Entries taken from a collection
- - -

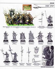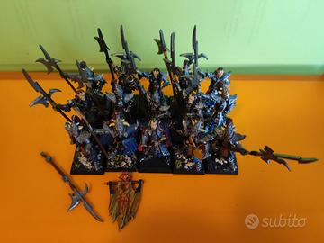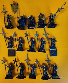 In vendita 15 modelli di Guardie nere, Elfi Oscuri, in metallo con gruppo di comando (al campione manca l'arma), 6 edizione Warhammer fantasy.
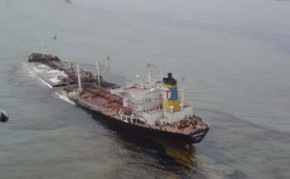 The vessel reportedly began leaking its cargo of 67,500 tonnes of oil as soon as she stranded . It is estimated that up to 20,000 tonnes of crude had been lost before TSAVLIRIS arrived on the scene-mobilising its tug the "SB-408" as well as chartering an additional tug and three lightering tankers. The TSAVLIRIS team worked closely throughout with the owners, the P& I Club and with the local authorities who approved each phase of the cargo discharging, tank inerting and overall polluntants removal, and who were highly complimentary on the salvors' skills. But on demobilisation, the salvage team and its assets were prevented from leaving Pakistan as the result of the highly charged political atmosphere and blame game which caught up almost everybody associated with the casaulty and the clean-up operation.
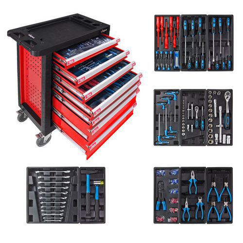 | Termék neve | Szerelőkocsi szerszámokkal, 262 db, 98 x 78 x 46 cm |
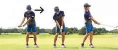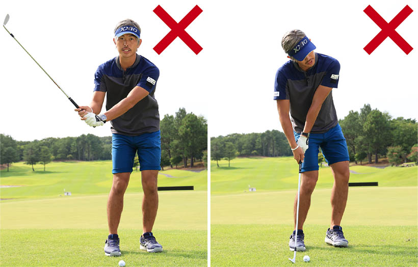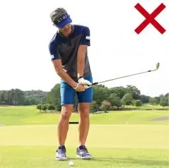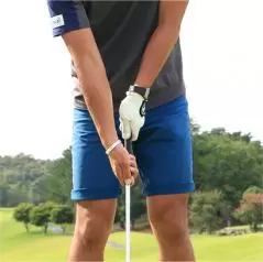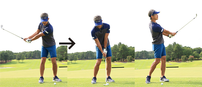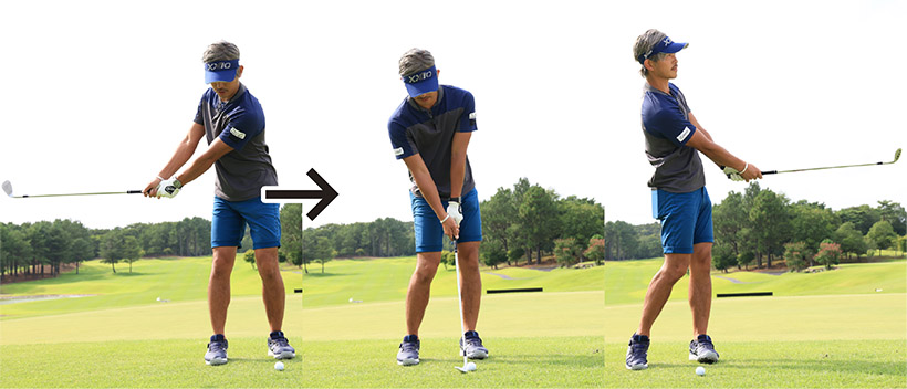 キャリーが少なめとなるぶん、小さいスイングで打ちますが、構えたときのグリップエンドとお腹の間隔をキープし、お腹の回転主体でスイングすることが大切です。テークバックが必要以上に大きくなりすぎたり、インパクトで手首をコネたりするのはNGです。
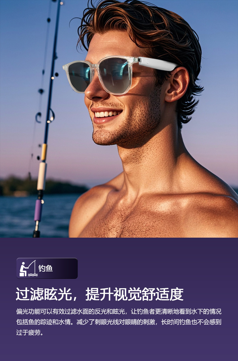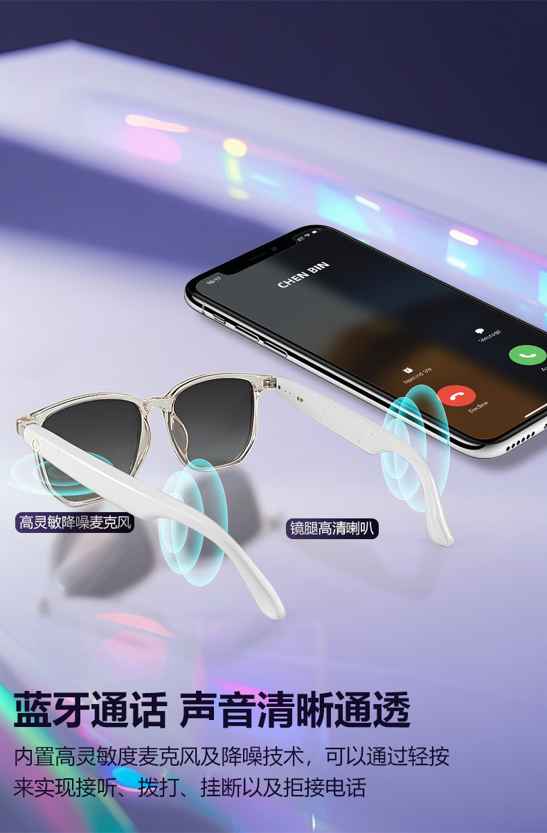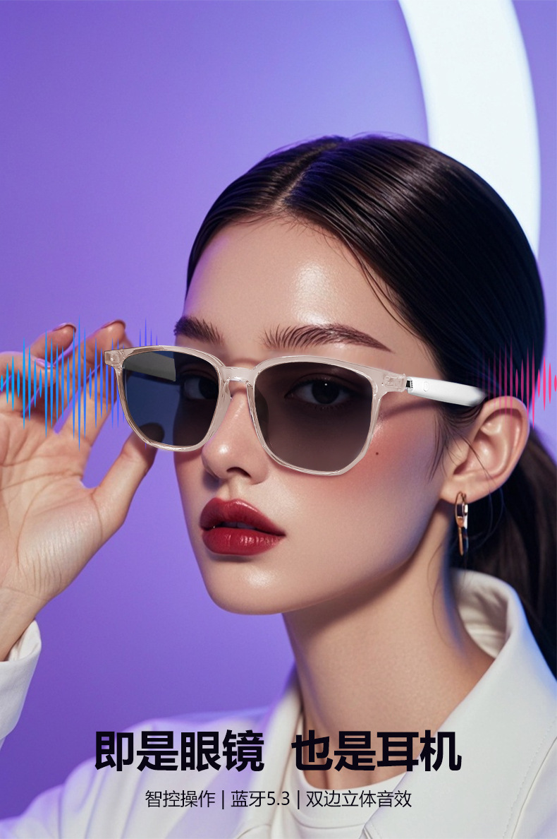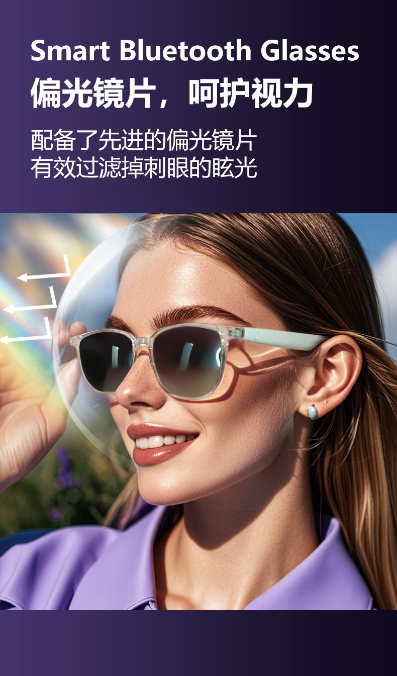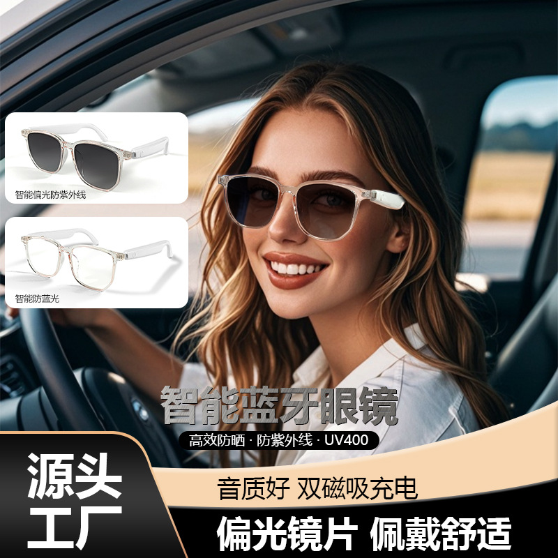 Cross-border smart glasses, Bluetooth glasses, sunglasses, polarized anti-ultraviolet and anti-blue light, listening to songs, calling, transparent lens change

- - -

_EXERCISE_. Where the line containing "78 x 46 cm |" appears in the records above, begin copying and continue exactly through the last line, with nothing else; omit every picture.

_ANSWER BOX_.
 | Termék neve | Szerelőkocsi szerszámokkal, 262 db, 98 x 78 x 46 cm |
 キャリーが少なめとなるぶん、小さいスイングで打ちますが、構えたときのグリップエンドとお腹の間隔をキープし、お腹の回転主体でスイングすることが大切です。テークバックが必要以上に大きくなりすぎたり、インパクトで手首をコネたりするのはNGです。
 Cross-border smart glasses, Bluetooth glasses, sunglasses, polarized anti-ultraviolet and anti-blue light, listening to songs, calling, transparent lens change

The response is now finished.